Japan has posted its longest economic expansion in more than a decade, government data showed yesterday, marking a win for Tokyo’s growth bid even though its battle to conquer deflation is still far from won.
The world’s No. 3 economy grew 0.5 percent in the first quarter — or an annualized 2.2 percent. That was the fifth straight rise and up from a 0.3 percent expansion in the final quarter of last year.
Japan’s prospects have been improving on the back of strong exports, with investments linked to the Tokyo 2020 Olympics also giving the economy a shot in the arm.
The labor market is tight and business confidence is strong with firms investing more.
However, consumer spending remains tepid and efforts to lift inflation have fallen flat, despite years of aggressive monetary easing by the Japanese central bank.
Private consumption picked up a modest 0.4 percent in the first quarter from zero growth in the previous three months.
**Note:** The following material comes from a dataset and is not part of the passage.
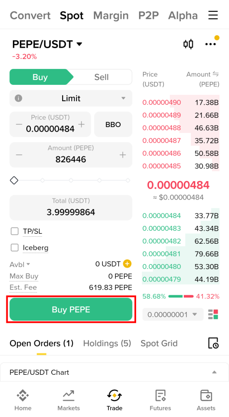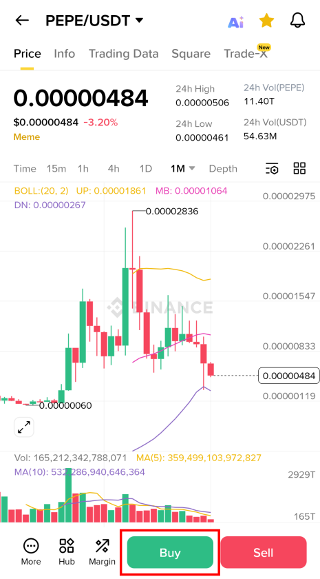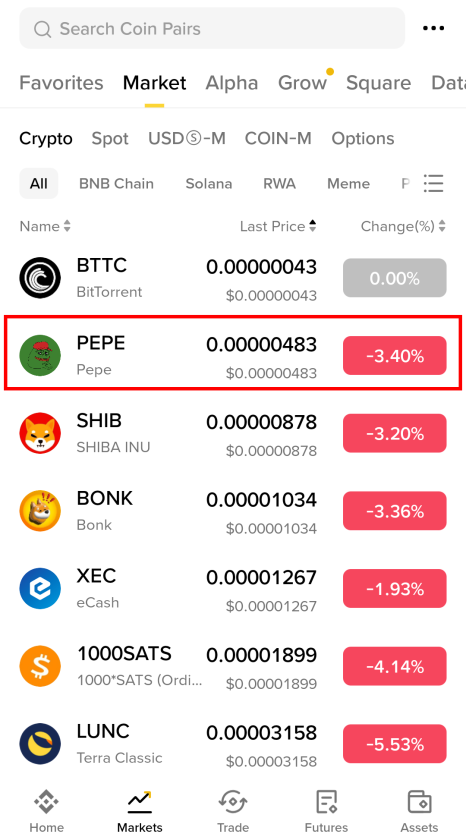 Since, we are trying to understand the crypto, first go on Market and see which crypto you want to buy. Right now, I am going with PEPE.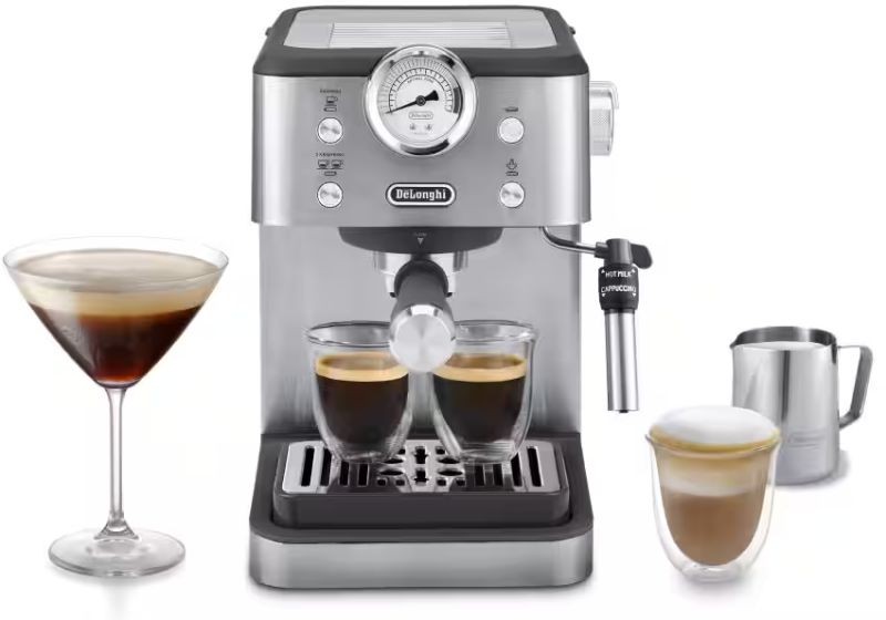 De'Longhi EM450.M je štýlový pákový kávovar, ktorý spája elegantný taliansky dizajn, jednoduché ovládanie a výkon pre každodennú prípravu výbornej kávy doma. Ak hľadáte kávovar na espresso, s ktorým si pripravíte intenzívne espresso, jemné lungo aj nadýchané cappuccino, tento model vás zaujme svojou praktickosťou aj vzhľadom. Vďaka 15-barovému tlaku a systému Thermoblock dosiahnete rýchle nahriatie a stabilnú teplotu, čo je kľúčové pre správnu extrakciu a plnú chuť každej šálky.

Individual spending accounts for more than a half of Japan’s GDP.
“I can’t give the ‘all clear’ yet,” Tokyo-based Norinchukin Research Institute chief economist Takeshi Minami said.
“Public works spending is helping prop up growth this year, but it’s tough to imagine that private spending is going to be a driving force for the economy,” Minami said.
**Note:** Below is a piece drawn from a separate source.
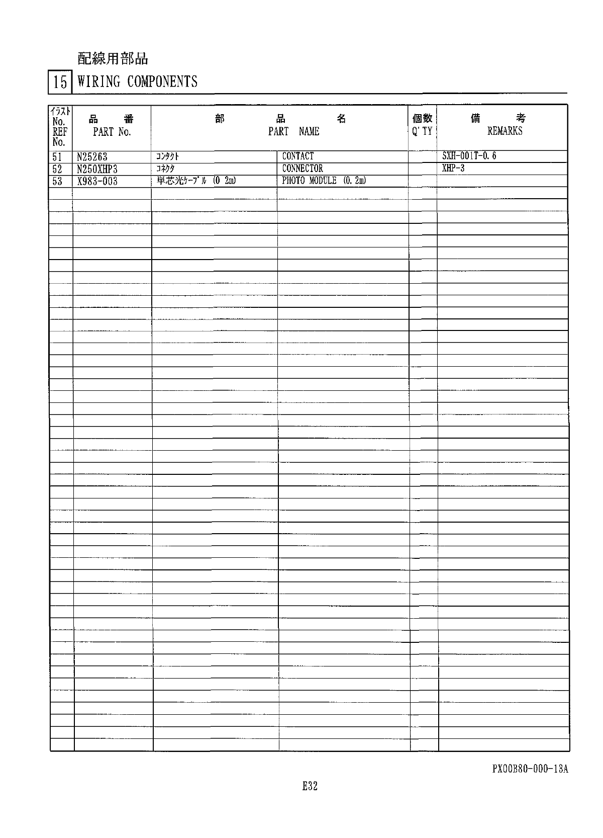 配線用部品 l 5 l WIRING COMPONENTS 倒 考 個 数 備 部 品 名 番 品 No . REMARKS PART NAME Q ' TY REF PART No . No . SXH - 001 T - 0.6 CONTACT MM 卜 51 丽 CONNECTOR N 250 XHP 3 単芯光 ( 0 2 m ) PHOTO MODULE ( 0.2 m ) X 983 - 003 PX 00 B 8…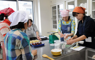 毎年4月に開かれる料理講習会は、同会の取り組みを知ってもらおうと、会員以外の人にも単発で実施している。今回は、家庭で簡単に作れるおやつ「タルト・プリン・大福」の作り方を、同会家庭料理担当の田宮けい子さん・おもてなし料理担当の樋渡清美さん・ベテランの金澤さんの3名が指導にあたった。

Nonetheless, the latest reading nonetheless means the Japanese economy has had its longest string of gains since 2006.
The Bank of Japan and the IMF both recently lifted their projections for the nation’s growth rate.
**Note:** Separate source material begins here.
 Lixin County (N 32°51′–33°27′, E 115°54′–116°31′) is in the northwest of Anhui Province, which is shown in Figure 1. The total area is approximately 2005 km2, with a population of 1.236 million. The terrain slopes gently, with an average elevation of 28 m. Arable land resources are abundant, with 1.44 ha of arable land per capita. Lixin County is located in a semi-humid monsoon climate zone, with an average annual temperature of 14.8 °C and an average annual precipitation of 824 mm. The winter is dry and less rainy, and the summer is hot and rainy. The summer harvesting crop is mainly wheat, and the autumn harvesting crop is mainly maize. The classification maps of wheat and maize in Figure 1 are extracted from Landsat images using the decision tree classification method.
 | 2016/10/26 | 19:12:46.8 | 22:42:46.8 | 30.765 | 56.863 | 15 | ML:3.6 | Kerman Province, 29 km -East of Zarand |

Cash-rich firms have been stingy with pay hikes though, which hurts spending and acts like an anchor on the economy.
“Wages are still stagnating, despite sharp falls in unemployment,” Capital Economics said in a commentary.
“This seems to be because aggressive monetary easing has failed to lift expectations of future price rises among households and firms,” it said.
“Unless this changes, the chances of inflation settling at two percent or higher are slim,” it added.
The Bank of Japan, aiming to achieve 2 percent inflation as a key part of Tokyo’s growth bid, now expects to reach that goal by 2019 — four years later than planned.
Despite healthy profits, many Japanese firms remain cautious about the world economy, partly due to worries that US President Donald Trump’s protectionist leanings could hurt exports.